**THE DATA**
BEGIN

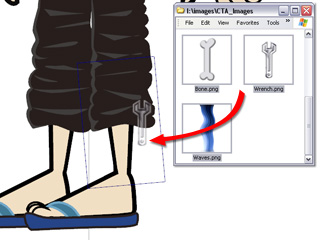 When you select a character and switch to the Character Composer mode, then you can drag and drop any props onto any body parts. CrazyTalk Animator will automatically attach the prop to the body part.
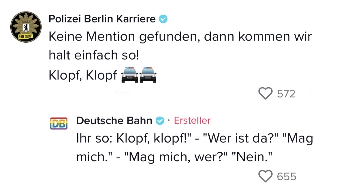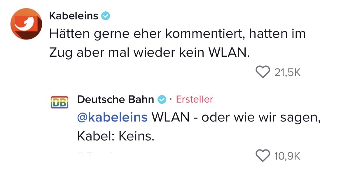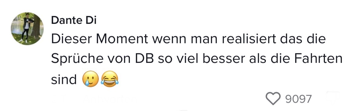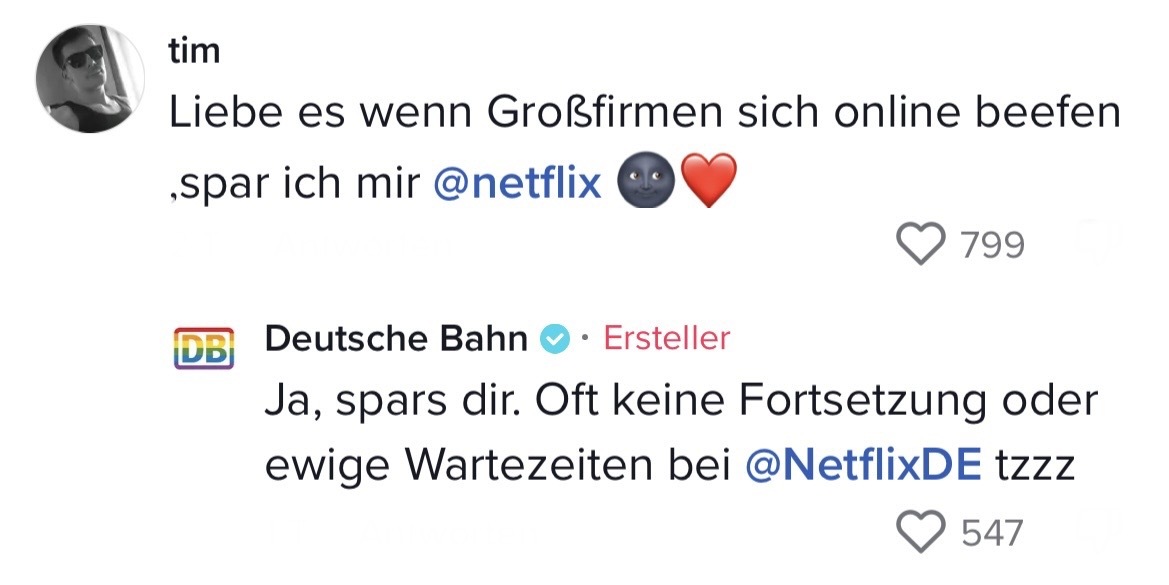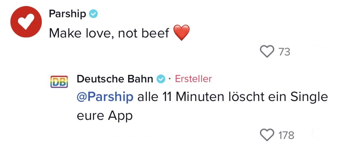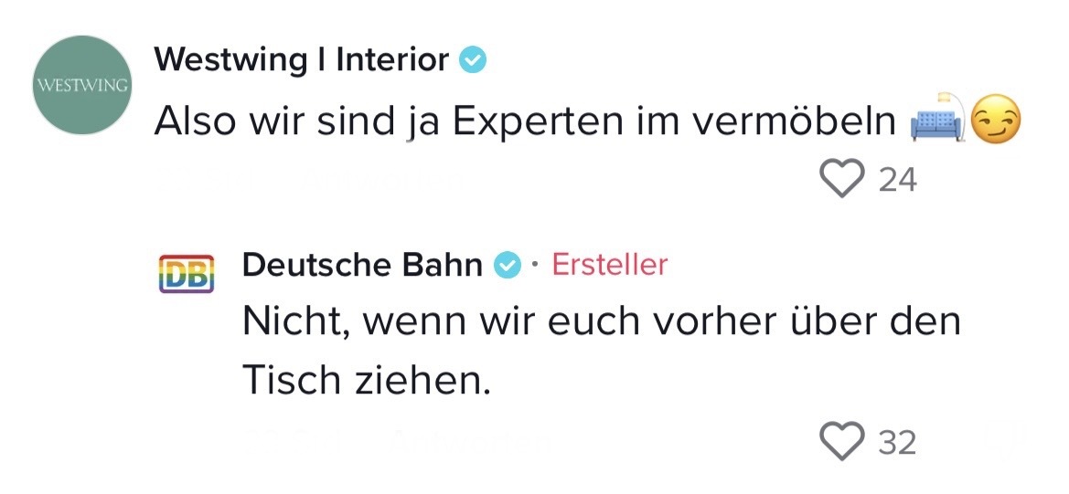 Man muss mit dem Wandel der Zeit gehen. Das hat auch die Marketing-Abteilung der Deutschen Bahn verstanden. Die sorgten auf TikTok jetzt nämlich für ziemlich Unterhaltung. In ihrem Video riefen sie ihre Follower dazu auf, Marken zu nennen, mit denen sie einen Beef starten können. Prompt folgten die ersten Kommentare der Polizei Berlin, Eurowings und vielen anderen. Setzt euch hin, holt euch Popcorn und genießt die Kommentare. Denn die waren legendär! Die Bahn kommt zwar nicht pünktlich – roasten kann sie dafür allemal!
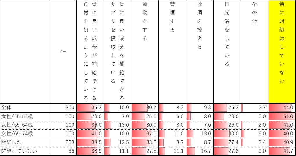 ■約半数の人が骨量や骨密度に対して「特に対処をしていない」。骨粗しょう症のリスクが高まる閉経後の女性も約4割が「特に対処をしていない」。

END

**DIRECTIONS**
Skip the pictures and write out exactly the lines from the line containing "Man muss mit" through the end of the listing above.

**TASK ANSWER**
 Man muss mit dem Wandel der Zeit gehen. Das hat auch die Marketing-Abteilung der Deutschen Bahn verstanden. Die sorgten auf TikTok jetzt nämlich für ziemlich Unterhaltung. In ihrem Video riefen sie ihre Follower dazu auf, Marken zu nennen, mit denen sie einen Beef starten können. Prompt folgten die ersten Kommentare der Polizei Berlin, Eurowings und vielen anderen. Setzt euch hin, holt euch Popcorn und genießt die Kommentare. Denn die waren legendär! Die Bahn kommt zwar nicht pünktlich – roasten kann sie dafür allemal!
 ■約半数の人が骨量や骨密度に対して「特に対処をしていない」。骨粗しょう症のリスクが高まる閉経後の女性も約4割が「特に対処をしていない」。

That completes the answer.